1、map和flatMap的区别
RDD.scala中的map和flatMap
package com.grace.updateState
import org.apache.spark.{SparkConf, SparkContext}
object MapAndFlatMap {
def main(args: Array[String]): Unit = {
val sc = new SparkContext(new SparkConf().setAppName("map_flatMap_demo").setMaster("local"))
val arrayRDD =sc.parallelize(Array("a_b","c_d","e_f"))
arrayRDD.foreach(println) //打印结果1
//a_b
//c_d
//e_f
arrayRDD.map(string=>{
string.split("_")
}).foreach(x=>{
println(x.mkString(",")) //打印结果2
//a,b
//c,d
//e,f
})
arrayRDD.flatMap(string=>{
string.split("_")
}).foreach(x=>{
println(x.mkString(","))//打印结果3
//a
//b
//c
//d
//e
//f
})
}
}
对比结果2与结果3,很容易得出结论:
map函数后,RDD的值为 Array(Array("a","b"),Array("c","d"),Array("e","f"))
flatMap函数处理后,RDD的值为 Array("a","b","c","d","e","f")

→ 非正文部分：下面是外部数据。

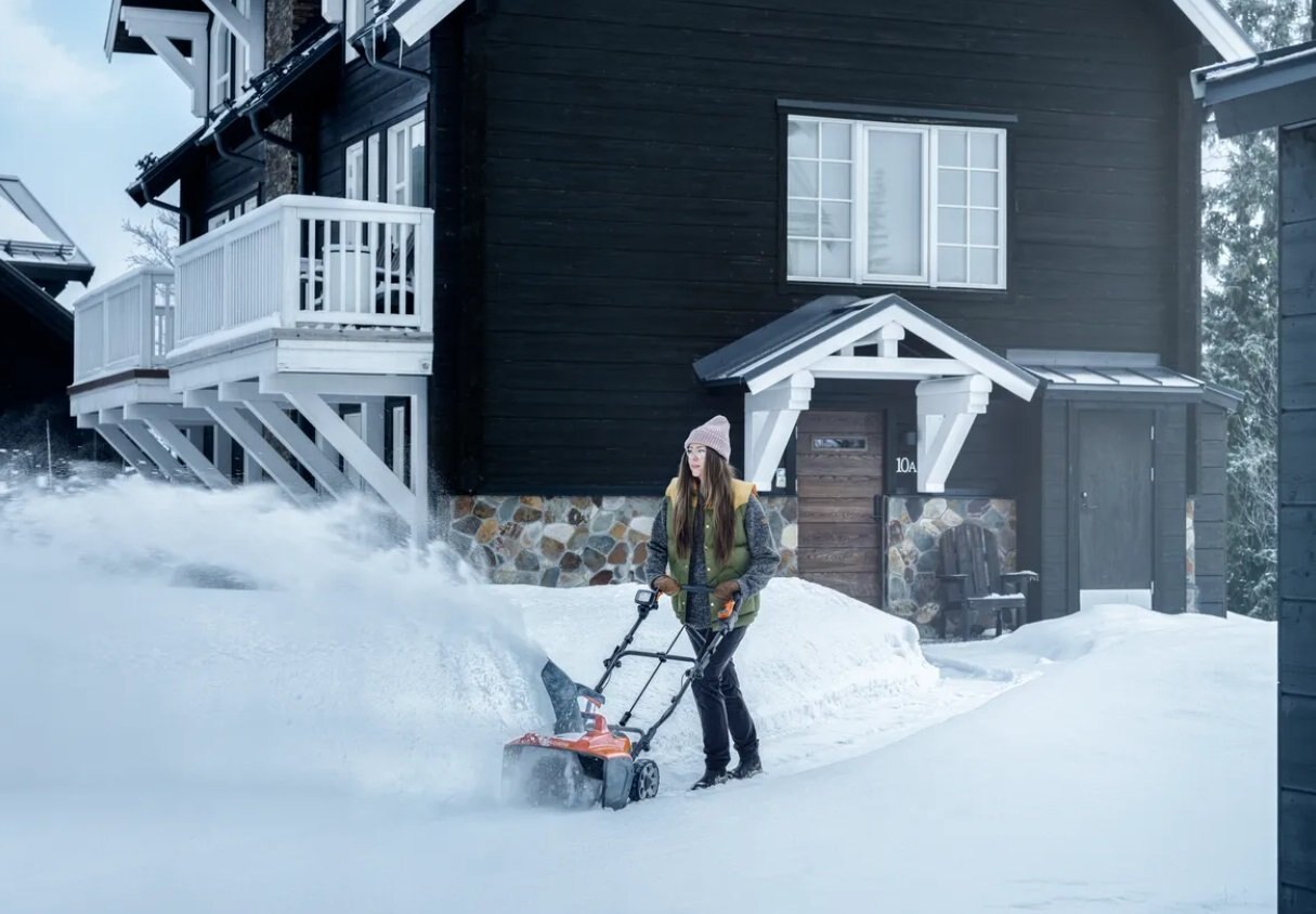 The compact design and foldable handle make the snow blower easy to store in tight spaces.

即最终可以认为,flatMap(Func)会将其返回的数组全部打散,然后合成到一个数组中,并且对每个数据源进行Func处理
源码
/**
* Return a new RDD by applying a function to all elements of this RDD.
*/
def map[U: ClassTag](f: T => U): RDD[U] = withScope {
val cleanF = sc.clean(f)
new MapPartitionsRDD[U, T](this, (context, pid, iter) => iter.map(cleanF))
}
/**
* Return a new RDD by first applying a function to all elements of this
* RDD, and then flattening the results.
*/
def flatMap[U: ClassTag](f: T => TraversableOnce[U]): RDD[U] = withScope {
val cleanF = sc.clean(f)
new MapPartitionsRDD[U, T](this, (context, pid, iter) => iter.flatMap(cleanF))
}
DStream.scala中的map和flatMap
源码
/** Return a new DStream by applying a function to all elements of this DStream. */
def